**Task goal:** From the line with "下图中岩层①②③④按由老到新" to the line with "Futuristic digital globe", output every line below exactly, both ends included. Skip the pictures.

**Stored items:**
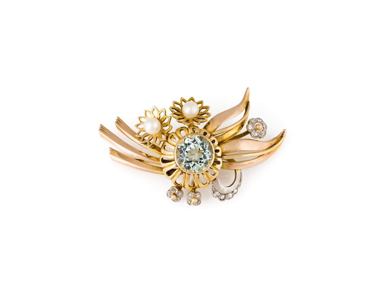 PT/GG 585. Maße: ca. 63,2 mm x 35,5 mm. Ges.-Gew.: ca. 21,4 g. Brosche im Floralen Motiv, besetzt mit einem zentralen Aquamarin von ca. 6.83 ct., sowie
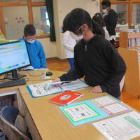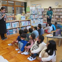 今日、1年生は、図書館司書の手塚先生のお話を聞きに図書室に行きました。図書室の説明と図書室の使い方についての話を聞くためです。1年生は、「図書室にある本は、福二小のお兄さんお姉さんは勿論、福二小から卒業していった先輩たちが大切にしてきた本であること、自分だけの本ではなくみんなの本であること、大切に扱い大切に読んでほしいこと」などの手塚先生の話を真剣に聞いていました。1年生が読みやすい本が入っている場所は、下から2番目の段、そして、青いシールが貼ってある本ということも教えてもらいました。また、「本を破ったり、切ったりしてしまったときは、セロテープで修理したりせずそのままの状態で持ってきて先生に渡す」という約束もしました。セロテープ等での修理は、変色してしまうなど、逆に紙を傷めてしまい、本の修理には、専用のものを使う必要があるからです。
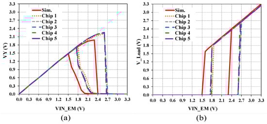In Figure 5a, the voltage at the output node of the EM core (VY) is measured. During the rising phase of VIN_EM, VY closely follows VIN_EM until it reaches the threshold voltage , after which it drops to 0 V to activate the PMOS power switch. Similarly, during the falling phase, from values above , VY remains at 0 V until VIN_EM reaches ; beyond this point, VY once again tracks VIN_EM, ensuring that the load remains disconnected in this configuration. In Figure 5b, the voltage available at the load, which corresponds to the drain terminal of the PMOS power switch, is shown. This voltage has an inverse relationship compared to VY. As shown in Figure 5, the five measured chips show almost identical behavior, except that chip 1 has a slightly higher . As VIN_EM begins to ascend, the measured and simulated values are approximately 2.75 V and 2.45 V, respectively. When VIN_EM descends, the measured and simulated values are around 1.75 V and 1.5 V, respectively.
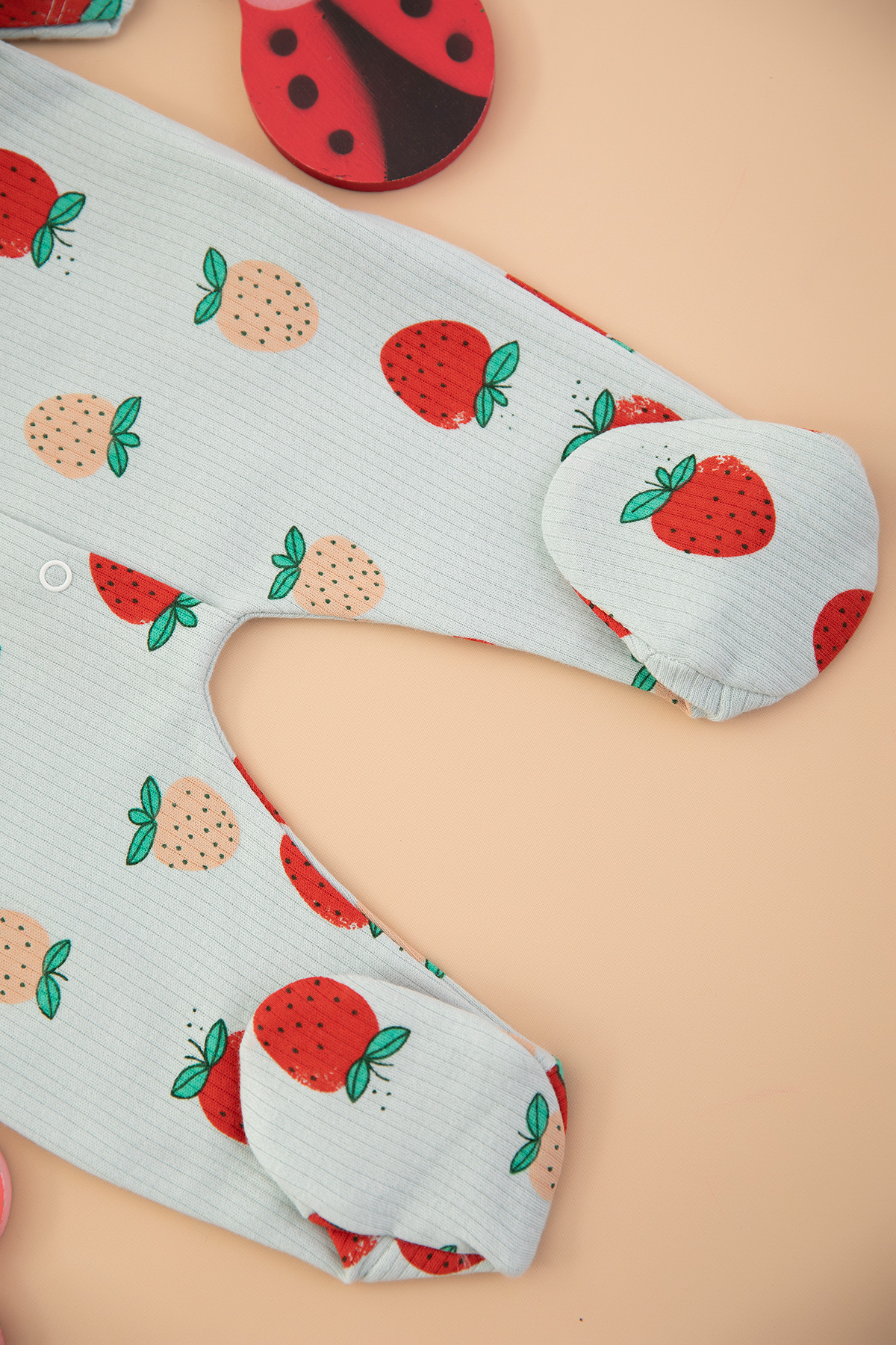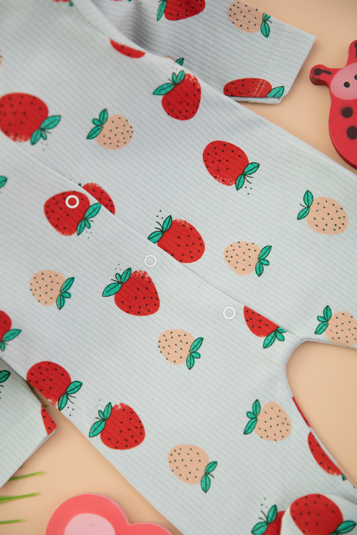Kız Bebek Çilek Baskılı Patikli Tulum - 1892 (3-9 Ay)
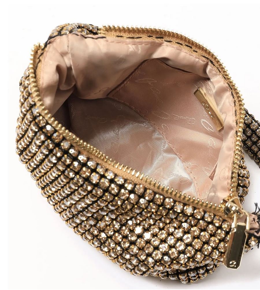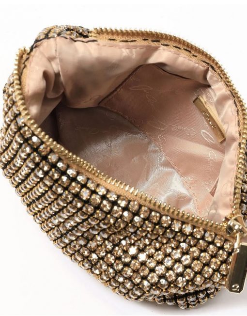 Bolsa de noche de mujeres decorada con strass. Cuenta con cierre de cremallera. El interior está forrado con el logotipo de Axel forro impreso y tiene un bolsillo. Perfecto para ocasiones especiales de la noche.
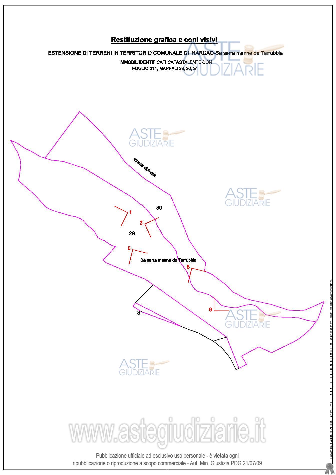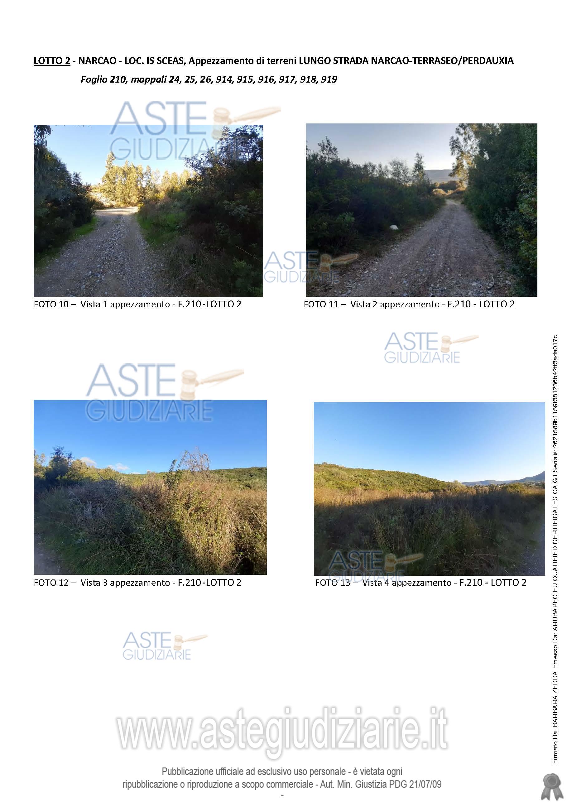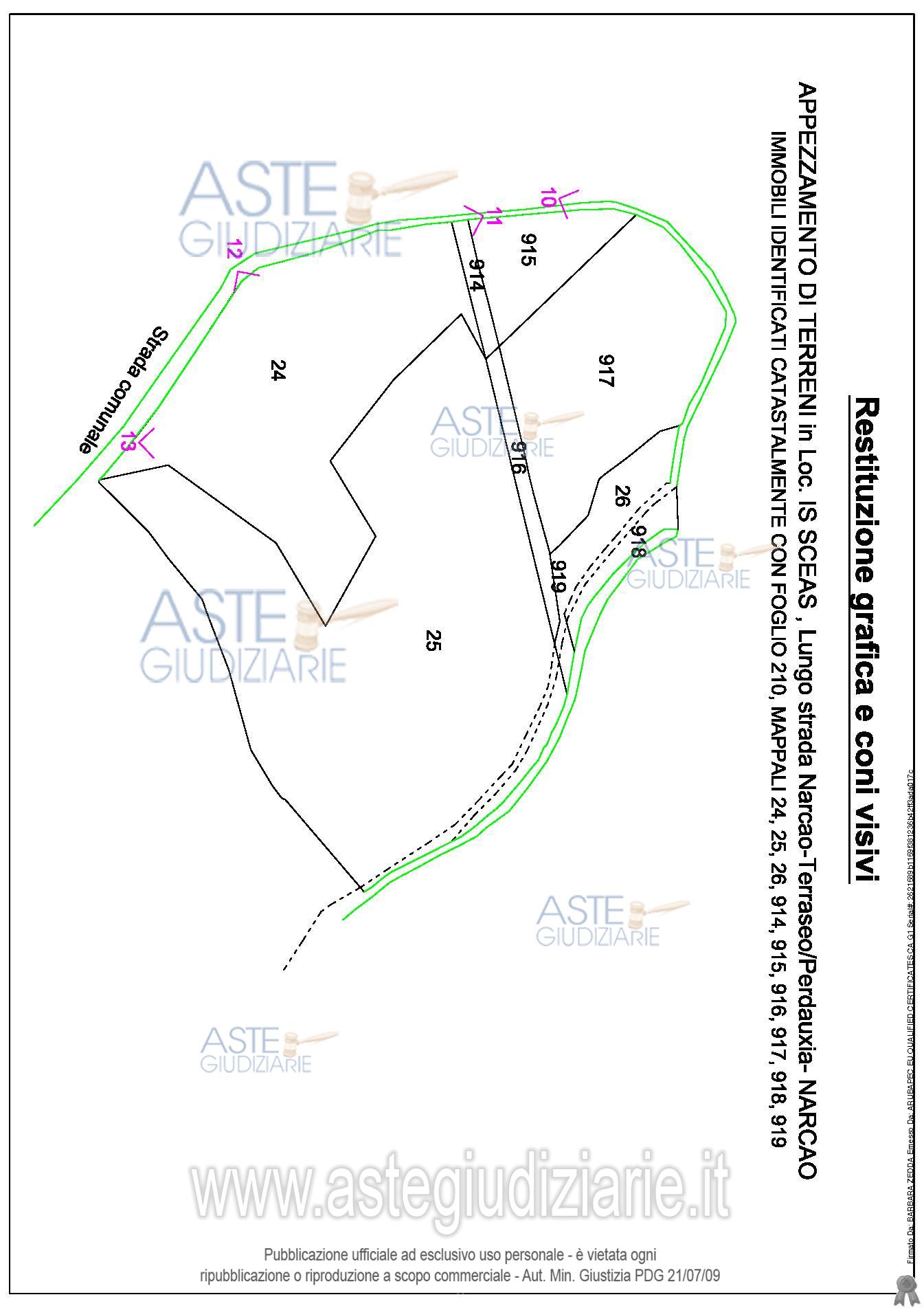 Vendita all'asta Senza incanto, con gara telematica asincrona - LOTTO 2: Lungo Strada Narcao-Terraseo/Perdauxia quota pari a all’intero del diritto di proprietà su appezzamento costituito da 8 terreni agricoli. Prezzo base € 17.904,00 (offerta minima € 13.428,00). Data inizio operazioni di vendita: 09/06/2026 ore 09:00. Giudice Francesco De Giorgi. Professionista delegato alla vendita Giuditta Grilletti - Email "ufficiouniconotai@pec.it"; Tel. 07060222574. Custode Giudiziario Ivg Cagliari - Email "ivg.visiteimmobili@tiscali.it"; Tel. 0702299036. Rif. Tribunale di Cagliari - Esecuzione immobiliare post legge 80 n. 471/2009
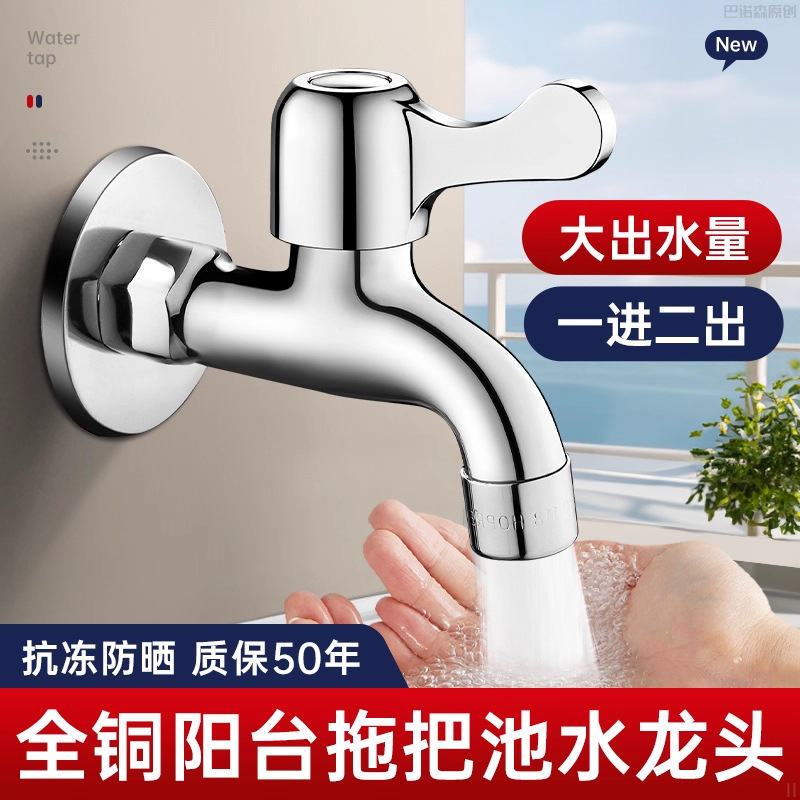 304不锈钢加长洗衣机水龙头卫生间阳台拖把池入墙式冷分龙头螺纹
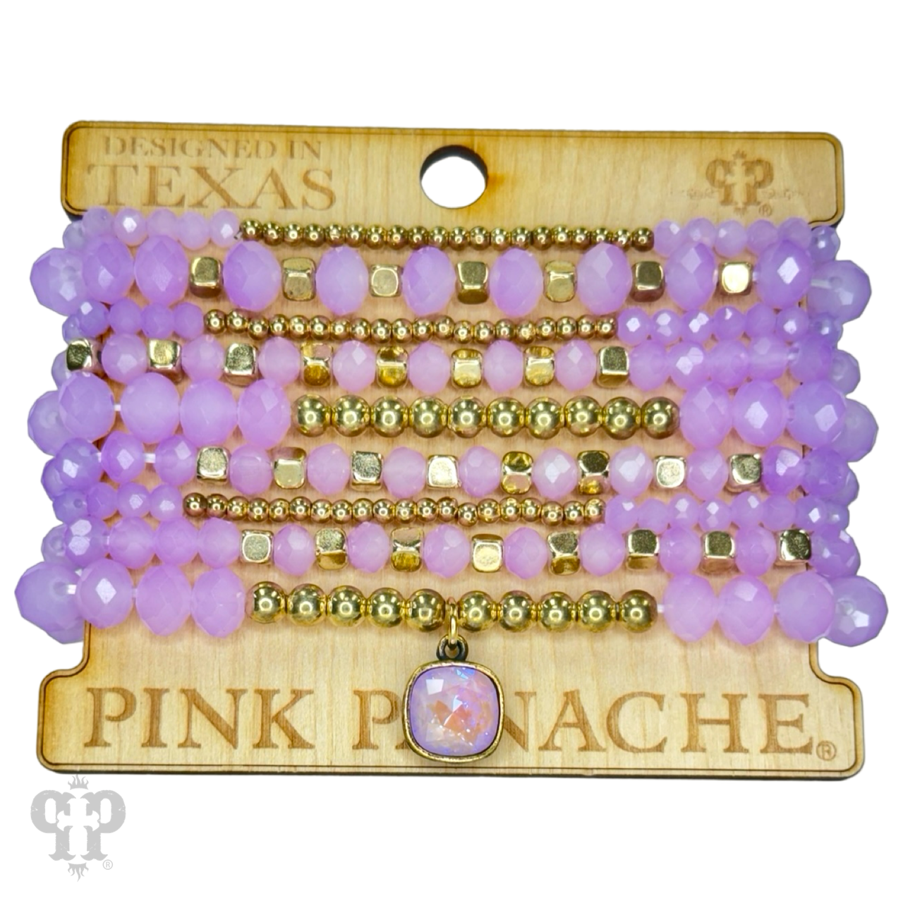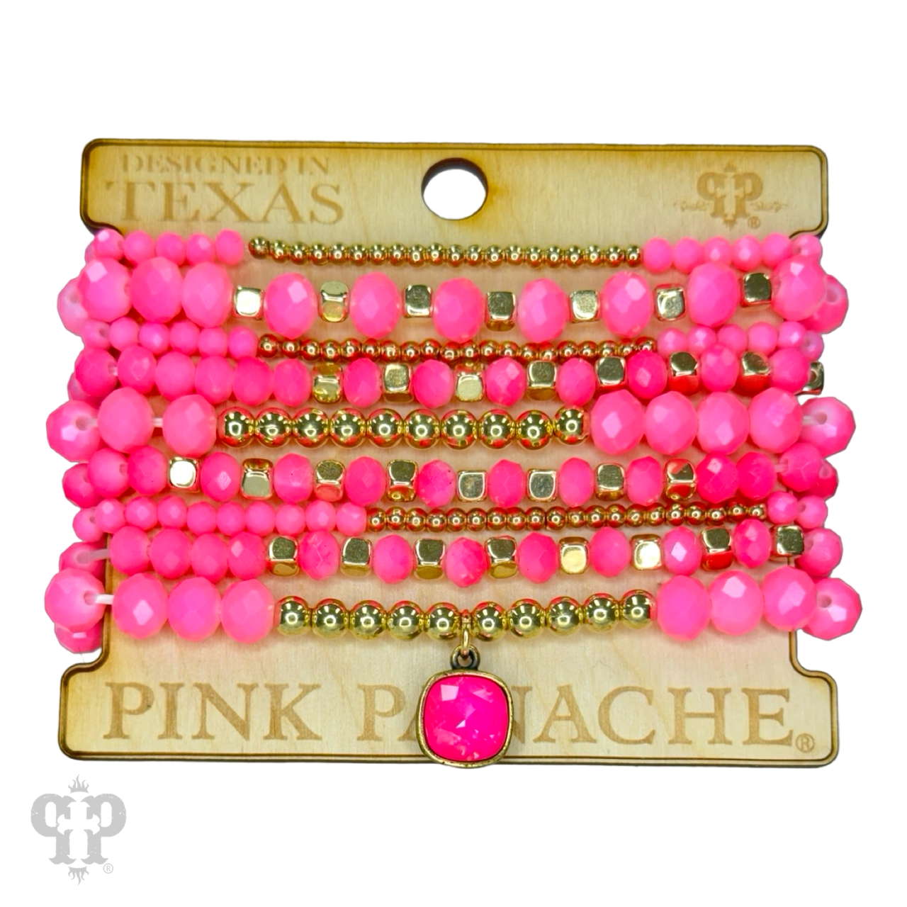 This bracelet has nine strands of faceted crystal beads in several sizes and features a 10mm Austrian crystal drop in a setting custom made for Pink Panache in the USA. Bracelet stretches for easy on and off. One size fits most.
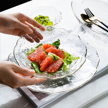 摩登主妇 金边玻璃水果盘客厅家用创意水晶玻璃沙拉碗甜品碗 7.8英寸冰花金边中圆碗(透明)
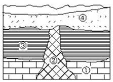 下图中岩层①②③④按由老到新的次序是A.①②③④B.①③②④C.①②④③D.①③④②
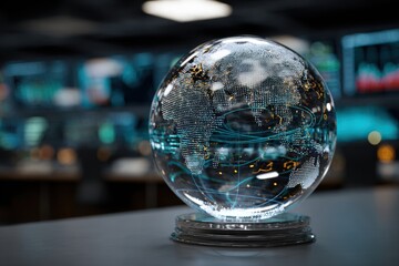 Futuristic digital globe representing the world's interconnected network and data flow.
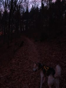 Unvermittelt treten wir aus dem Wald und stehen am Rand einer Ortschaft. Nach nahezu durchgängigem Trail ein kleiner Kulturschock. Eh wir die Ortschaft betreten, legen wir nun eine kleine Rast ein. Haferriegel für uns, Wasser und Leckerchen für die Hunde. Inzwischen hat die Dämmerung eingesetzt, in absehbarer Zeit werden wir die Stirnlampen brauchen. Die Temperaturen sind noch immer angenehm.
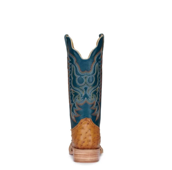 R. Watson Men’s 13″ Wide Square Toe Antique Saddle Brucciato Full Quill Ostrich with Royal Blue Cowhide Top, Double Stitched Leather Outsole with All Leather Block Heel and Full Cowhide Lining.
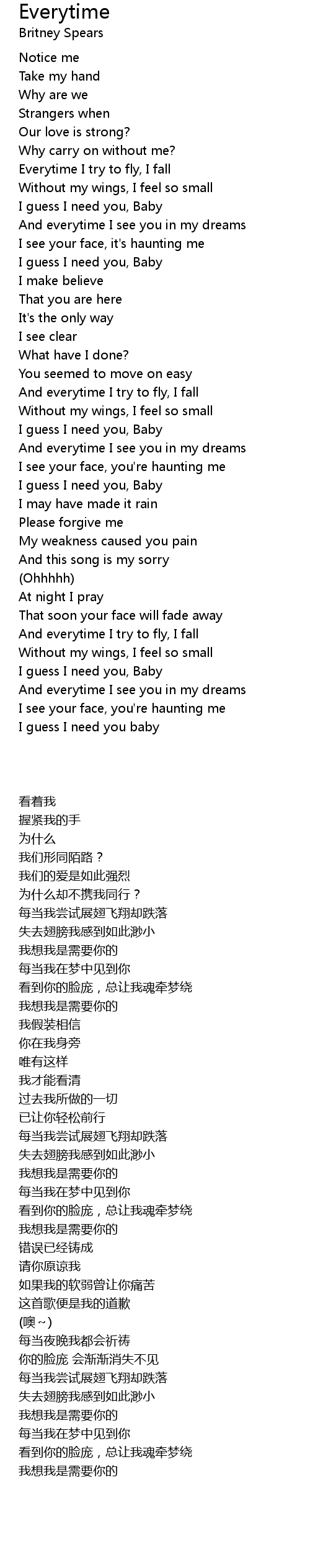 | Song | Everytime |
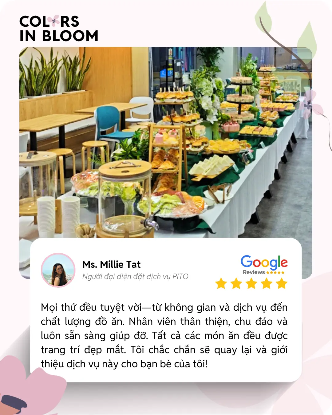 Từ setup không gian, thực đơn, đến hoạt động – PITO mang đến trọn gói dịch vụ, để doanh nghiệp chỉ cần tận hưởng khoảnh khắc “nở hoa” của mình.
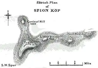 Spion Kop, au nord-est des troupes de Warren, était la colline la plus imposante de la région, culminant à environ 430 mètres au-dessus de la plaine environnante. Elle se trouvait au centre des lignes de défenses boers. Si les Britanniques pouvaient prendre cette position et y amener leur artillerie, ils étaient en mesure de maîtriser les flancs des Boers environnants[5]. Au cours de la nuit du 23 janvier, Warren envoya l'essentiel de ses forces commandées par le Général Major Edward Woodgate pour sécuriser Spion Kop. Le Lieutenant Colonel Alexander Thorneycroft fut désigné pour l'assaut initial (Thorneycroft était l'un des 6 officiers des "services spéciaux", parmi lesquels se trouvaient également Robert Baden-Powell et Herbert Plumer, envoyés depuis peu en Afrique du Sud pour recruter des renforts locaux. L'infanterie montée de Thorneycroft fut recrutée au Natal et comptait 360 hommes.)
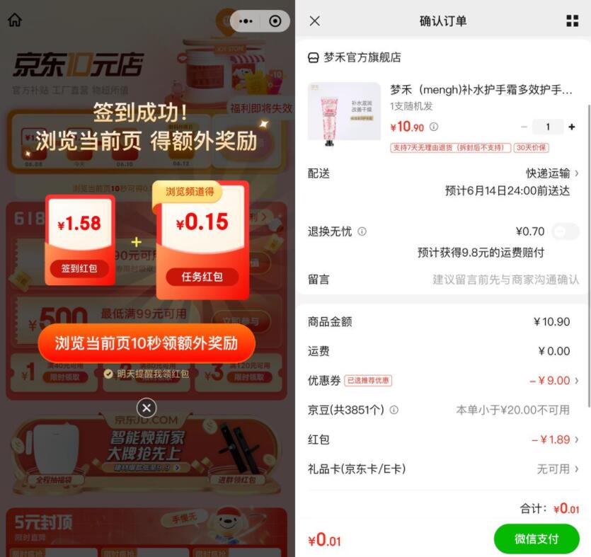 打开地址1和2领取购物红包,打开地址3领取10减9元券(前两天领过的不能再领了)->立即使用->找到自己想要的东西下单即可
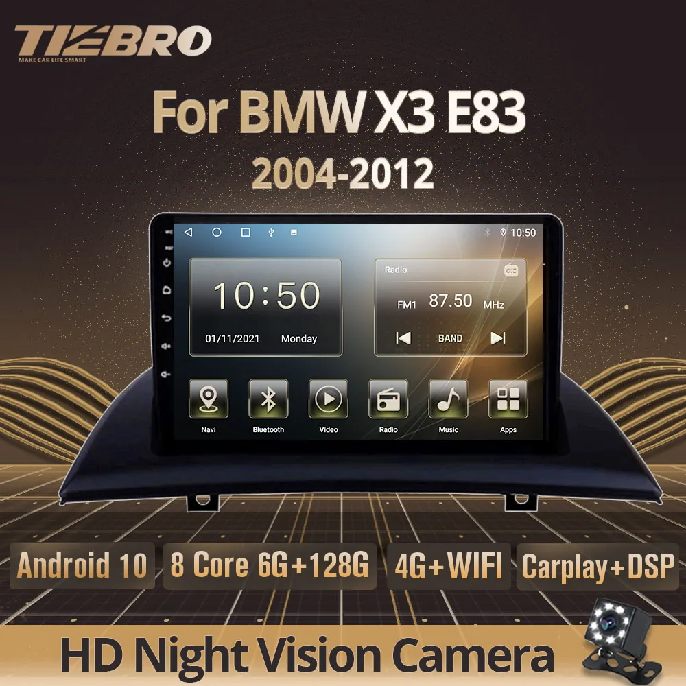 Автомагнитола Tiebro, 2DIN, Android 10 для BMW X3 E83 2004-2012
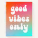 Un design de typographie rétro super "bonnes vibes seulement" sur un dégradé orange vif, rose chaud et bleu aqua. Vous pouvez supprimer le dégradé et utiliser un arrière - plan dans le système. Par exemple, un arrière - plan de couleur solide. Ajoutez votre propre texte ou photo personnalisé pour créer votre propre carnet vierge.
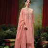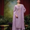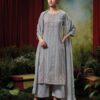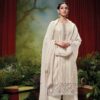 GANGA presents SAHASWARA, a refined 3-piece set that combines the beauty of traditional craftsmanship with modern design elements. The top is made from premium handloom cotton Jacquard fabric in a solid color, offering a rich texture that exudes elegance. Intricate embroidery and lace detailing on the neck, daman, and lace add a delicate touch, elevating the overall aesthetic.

**Output of the exercise:**
 下图中岩层①②③④按由老到新的次序是A.①②③④B.①③②④C.①②④③D.①③④②
 Futuristic digital globe representing the world's interconnected network and data flow.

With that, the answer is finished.